> _Required action_
Give every entry again, word for word.

(Data records)
# # # # # # #

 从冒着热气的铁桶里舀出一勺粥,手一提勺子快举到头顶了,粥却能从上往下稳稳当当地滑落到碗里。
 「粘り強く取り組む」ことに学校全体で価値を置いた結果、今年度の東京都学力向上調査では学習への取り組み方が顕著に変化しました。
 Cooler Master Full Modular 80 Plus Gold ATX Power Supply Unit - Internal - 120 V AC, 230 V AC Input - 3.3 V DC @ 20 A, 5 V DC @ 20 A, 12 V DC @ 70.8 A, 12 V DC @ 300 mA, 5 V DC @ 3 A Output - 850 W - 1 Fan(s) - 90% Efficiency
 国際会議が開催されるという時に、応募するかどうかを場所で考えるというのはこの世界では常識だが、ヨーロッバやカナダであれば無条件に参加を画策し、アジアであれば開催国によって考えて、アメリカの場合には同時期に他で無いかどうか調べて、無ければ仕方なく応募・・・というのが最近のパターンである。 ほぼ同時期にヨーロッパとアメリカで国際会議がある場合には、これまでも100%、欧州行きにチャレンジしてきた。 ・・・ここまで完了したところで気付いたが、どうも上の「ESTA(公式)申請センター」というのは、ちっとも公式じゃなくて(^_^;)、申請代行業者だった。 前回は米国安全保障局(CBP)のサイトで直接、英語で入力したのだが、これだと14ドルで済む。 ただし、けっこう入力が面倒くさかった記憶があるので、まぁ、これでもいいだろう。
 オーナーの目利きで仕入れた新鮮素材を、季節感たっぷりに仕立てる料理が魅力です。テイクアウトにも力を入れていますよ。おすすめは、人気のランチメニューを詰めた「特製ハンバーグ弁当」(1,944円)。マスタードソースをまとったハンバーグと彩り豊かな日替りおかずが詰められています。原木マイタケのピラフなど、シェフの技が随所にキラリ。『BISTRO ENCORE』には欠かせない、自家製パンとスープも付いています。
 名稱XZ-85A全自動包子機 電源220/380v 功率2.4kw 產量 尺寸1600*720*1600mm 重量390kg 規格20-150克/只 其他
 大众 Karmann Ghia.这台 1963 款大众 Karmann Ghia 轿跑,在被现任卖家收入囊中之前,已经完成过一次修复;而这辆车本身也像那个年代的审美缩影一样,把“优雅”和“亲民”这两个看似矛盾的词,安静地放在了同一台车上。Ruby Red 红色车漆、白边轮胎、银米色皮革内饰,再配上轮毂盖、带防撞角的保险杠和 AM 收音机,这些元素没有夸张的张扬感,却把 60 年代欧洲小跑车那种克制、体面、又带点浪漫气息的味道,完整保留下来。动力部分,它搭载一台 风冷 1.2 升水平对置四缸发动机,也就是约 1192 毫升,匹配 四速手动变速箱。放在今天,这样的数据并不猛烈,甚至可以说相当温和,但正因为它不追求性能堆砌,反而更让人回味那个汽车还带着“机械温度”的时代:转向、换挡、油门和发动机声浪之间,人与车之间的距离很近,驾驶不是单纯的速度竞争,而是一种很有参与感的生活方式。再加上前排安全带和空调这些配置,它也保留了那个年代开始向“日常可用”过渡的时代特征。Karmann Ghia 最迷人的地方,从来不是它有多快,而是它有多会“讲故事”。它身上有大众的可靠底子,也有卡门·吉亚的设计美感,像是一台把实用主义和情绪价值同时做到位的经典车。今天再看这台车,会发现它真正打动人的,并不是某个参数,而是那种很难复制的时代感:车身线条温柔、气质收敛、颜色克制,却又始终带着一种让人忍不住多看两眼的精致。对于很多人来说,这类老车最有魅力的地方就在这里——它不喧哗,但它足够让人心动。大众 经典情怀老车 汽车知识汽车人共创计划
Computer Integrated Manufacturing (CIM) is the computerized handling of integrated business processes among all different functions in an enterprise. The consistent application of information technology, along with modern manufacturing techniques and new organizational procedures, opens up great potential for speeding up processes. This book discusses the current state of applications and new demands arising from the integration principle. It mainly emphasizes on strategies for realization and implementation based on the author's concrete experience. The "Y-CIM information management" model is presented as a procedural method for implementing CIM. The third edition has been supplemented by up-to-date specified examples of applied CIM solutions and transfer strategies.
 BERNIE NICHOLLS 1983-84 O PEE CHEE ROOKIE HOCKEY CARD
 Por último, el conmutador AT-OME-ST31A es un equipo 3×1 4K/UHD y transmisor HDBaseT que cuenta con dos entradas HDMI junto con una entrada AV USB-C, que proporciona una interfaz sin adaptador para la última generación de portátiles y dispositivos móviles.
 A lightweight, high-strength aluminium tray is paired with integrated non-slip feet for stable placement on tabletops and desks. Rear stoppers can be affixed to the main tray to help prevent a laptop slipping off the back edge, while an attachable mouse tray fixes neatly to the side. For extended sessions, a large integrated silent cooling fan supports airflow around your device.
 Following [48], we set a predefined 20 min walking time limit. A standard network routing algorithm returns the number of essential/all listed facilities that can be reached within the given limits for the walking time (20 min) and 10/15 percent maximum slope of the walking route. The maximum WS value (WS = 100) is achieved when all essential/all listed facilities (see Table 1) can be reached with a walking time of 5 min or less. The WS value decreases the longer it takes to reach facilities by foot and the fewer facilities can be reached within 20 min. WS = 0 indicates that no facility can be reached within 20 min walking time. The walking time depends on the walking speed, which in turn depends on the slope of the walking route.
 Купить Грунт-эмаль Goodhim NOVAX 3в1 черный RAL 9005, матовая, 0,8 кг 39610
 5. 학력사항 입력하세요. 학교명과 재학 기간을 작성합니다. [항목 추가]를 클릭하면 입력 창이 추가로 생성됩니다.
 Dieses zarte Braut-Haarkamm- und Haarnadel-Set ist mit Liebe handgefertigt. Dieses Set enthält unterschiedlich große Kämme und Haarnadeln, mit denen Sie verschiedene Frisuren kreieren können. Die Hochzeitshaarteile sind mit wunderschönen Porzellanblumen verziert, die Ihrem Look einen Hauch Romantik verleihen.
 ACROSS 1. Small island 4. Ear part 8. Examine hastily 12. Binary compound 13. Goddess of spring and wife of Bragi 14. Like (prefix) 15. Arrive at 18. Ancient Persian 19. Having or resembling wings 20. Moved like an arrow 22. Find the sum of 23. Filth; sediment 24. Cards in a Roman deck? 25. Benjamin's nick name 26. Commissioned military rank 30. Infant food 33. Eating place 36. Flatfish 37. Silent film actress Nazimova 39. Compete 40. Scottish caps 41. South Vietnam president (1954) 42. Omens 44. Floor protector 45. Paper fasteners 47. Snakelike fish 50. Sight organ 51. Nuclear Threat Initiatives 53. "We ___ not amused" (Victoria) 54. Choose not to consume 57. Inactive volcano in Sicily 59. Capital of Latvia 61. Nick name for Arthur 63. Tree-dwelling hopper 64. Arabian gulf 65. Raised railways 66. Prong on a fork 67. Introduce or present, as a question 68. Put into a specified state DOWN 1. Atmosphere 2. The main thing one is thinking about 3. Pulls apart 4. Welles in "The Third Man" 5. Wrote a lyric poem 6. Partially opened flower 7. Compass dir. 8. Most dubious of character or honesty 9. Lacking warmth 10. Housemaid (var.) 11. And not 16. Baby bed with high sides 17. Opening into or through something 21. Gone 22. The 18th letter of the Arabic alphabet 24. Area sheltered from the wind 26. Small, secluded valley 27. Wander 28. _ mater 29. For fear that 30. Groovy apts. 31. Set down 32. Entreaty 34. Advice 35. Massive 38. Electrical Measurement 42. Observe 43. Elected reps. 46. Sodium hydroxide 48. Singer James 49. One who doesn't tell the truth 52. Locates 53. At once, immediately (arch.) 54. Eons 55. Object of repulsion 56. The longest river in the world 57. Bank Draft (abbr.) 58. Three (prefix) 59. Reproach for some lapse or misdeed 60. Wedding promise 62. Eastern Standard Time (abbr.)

# # # # # # #

> _Solution to this exercise_
 从冒着热气的铁桶里舀出一勺粥,手一提勺子快举到头顶了,粥却能从上往下稳稳当当地滑落到碗里。
 「粘り強く取り組む」ことに学校全体で価値を置いた結果、今年度の東京都学力向上調査では学習への取り組み方が顕著に変化しました。
 Cooler Master Full Modular 80 Plus Gold ATX Power Supply Unit - Internal - 120 V AC, 230 V AC Input - 3.3 V DC @ 20 A, 5 V DC @ 20 A, 12 V DC @ 70.8 A, 12 V DC @ 300 mA, 5 V DC @ 3 A Output - 850 W - 1 Fan(s) - 90% Efficiency
 国際会議が開催されるという時に、応募するかどうかを場所で考えるというのはこの世界では常識だが、ヨーロッバやカナダであれば無条件に参加を画策し、アジアであれば開催国によって考えて、アメリカの場合には同時期に他で無いかどうか調べて、無ければ仕方なく応募・・・というのが最近のパターンである。 ほぼ同時期にヨーロッパとアメリカで国際会議がある場合には、これまでも100%、欧州行きにチャレンジしてきた。 ・・・ここまで完了したところで気付いたが、どうも上の「ESTA(公式)申請センター」というのは、ちっとも公式じゃなくて(^_^;)、申請代行業者だった。 前回は米国安全保障局(CBP)のサイトで直接、英語で入力したのだが、これだと14ドルで済む。 ただし、けっこう入力が面倒くさかった記憶があるので、まぁ、これでもいいだろう。
 オーナーの目利きで仕入れた新鮮素材を、季節感たっぷりに仕立てる料理が魅力です。テイクアウトにも力を入れていますよ。おすすめは、人気のランチメニューを詰めた「特製ハンバーグ弁当」(1,944円)。マスタードソースをまとったハンバーグと彩り豊かな日替りおかずが詰められています。原木マイタケのピラフなど、シェフの技が随所にキラリ。『BISTRO ENCORE』には欠かせない、自家製パンとスープも付いています。
 名稱XZ-85A全自動包子機 電源220/380v 功率2.4kw 產量 尺寸1600*720*1600mm 重量390kg 規格20-150克/只 其他
 大众 Karmann Ghia.这台 1963 款大众 Karmann Ghia 轿跑,在被现任卖家收入囊中之前,已经完成过一次修复;而这辆车本身也像那个年代的审美缩影一样,把“优雅”和“亲民”这两个看似矛盾的词,安静地放在了同一台车上。Ruby Red 红色车漆、白边轮胎、银米色皮革内饰,再配上轮毂盖、带防撞角的保险杠和 AM 收音机,这些元素没有夸张的张扬感,却把 60 年代欧洲小跑车那种克制、体面、又带点浪漫气息的味道,完整保留下来。动力部分,它搭载一台 风冷 1.2 升水平对置四缸发动机,也就是约 1192 毫升,匹配 四速手动变速箱。放在今天,这样的数据并不猛烈,甚至可以说相当温和,但正因为它不追求性能堆砌,反而更让人回味那个汽车还带着“机械温度”的时代:转向、换挡、油门和发动机声浪之间,人与车之间的距离很近,驾驶不是单纯的速度竞争,而是一种很有参与感的生活方式。再加上前排安全带和空调这些配置,它也保留了那个年代开始向“日常可用”过渡的时代特征。Karmann Ghia 最迷人的地方,从来不是它有多快,而是它有多会“讲故事”。它身上有大众的可靠底子,也有卡门·吉亚的设计美感,像是一台把实用主义和情绪价值同时做到位的经典车。今天再看这台车,会发现它真正打动人的,并不是某个参数,而是那种很难复制的时代感:车身线条温柔、气质收敛、颜色克制,却又始终带着一种让人忍不住多看两眼的精致。对于很多人来说,这类老车最有魅力的地方就在这里——它不喧哗,但它足够让人心动。大众 经典情怀老车 汽车知识汽车人共创计划
Computer Integrated Manufacturing (CIM) is the computerized handling of integrated business processes among all different functions in an enterprise. The consistent application of information technology, along with modern manufacturing techniques and new organizational procedures, opens up great potential for speeding up processes. This book discusses the current state of applications and new demands arising from the integration principle. It mainly emphasizes on strategies for realization and implementation based on the author's concrete experience. The "Y-CIM information management" model is presented as a procedural method for implementing CIM. The third edition has been supplemented by up-to-date specified examples of applied CIM solutions and transfer strategies.
 BERNIE NICHOLLS 1983-84 O PEE CHEE ROOKIE HOCKEY CARD
 Por último, el conmutador AT-OME-ST31A es un equipo 3×1 4K/UHD y transmisor HDBaseT que cuenta con dos entradas HDMI junto con una entrada AV USB-C, que proporciona una interfaz sin adaptador para la última generación de portátiles y dispositivos móviles.
 A lightweight, high-strength aluminium tray is paired with integrated non-slip feet for stable placement on tabletops and desks. Rear stoppers can be affixed to the main tray to help prevent a laptop slipping off the back edge, while an attachable mouse tray fixes neatly to the side. For extended sessions, a large integrated silent cooling fan supports airflow around your device.
 Following [48], we set a predefined 20 min walking time limit. A standard network routing algorithm returns the number of essential/all listed facilities that can be reached within the given limits for the walking time (20 min) and 10/15 percent maximum slope of the walking route. The maximum WS value (WS = 100) is achieved when all essential/all listed facilities (see Table 1) can be reached with a walking time of 5 min or less. The WS value decreases the longer it takes to reach facilities by foot and the fewer facilities can be reached within 20 min. WS = 0 indicates that no facility can be reached within 20 min walking time. The walking time depends on the walking speed, which in turn depends on the slope of the walking route.
 Купить Грунт-эмаль Goodhim NOVAX 3в1 черный RAL 9005, матовая, 0,8 кг 39610
 5. 학력사항 입력하세요. 학교명과 재학 기간을 작성합니다. [항목 추가]를 클릭하면 입력 창이 추가로 생성됩니다.
 Dieses zarte Braut-Haarkamm- und Haarnadel-Set ist mit Liebe handgefertigt. Dieses Set enthält unterschiedlich große Kämme und Haarnadeln, mit denen Sie verschiedene Frisuren kreieren können. Die Hochzeitshaarteile sind mit wunderschönen Porzellanblumen verziert, die Ihrem Look einen Hauch Romantik verleihen.
 ACROSS 1. Small island 4. Ear part 8. Examine hastily 12. Binary compound 13. Goddess of spring and wife of Bragi 14. Like (prefix) 15. Arrive at 18. Ancient Persian 19. Having or resembling wings 20. Moved like an arrow 22. Find the sum of 23. Filth; sediment 24. Cards in a Roman deck? 25. Benjamin's nick name 26. Commissioned military rank 30. Infant food 33. Eating place 36. Flatfish 37. Silent film actress Nazimova 39. Compete 40. Scottish caps 41. South Vietnam president (1954) 42. Omens 44. Floor protector 45. Paper fasteners 47. Snakelike fish 50. Sight organ 51. Nuclear Threat Initiatives 53. "We ___ not amused" (Victoria) 54. Choose not to consume 57. Inactive volcano in Sicily 59. Capital of Latvia 61. Nick name for Arthur 63. Tree-dwelling hopper 64. Arabian gulf 65. Raised railways 66. Prong on a fork 67. Introduce or present, as a question 68. Put into a specified state DOWN 1. Atmosphere 2. The main thing one is thinking about 3. Pulls apart 4. Welles in "The Third Man" 5. Wrote a lyric poem 6. Partially opened flower 7. Compass dir. 8. Most dubious of character or honesty 9. Lacking warmth 10. Housemaid (var.) 11. And not 16. Baby bed with high sides 17. Opening into or through something 21. Gone 22. The 18th letter of the Arabic alphabet 24. Area sheltered from the wind 26. Small, secluded valley 27. Wander 28. _ mater 29. For fear that 30. Groovy apts. 31. Set down 32. Entreaty 34. Advice 35. Massive 38. Electrical Measurement 42. Observe 43. Elected reps. 46. Sodium hydroxide 48. Singer James 49. One who doesn't tell the truth 52. Locates 53. At once, immediately (arch.) 54. Eons 55. Object of repulsion 56. The longest river in the world 57. Bank Draft (abbr.) 58. Three (prefix) 59. Reproach for some lapse or misdeed 60. Wedding promise 62. Eastern Standard Time (abbr.)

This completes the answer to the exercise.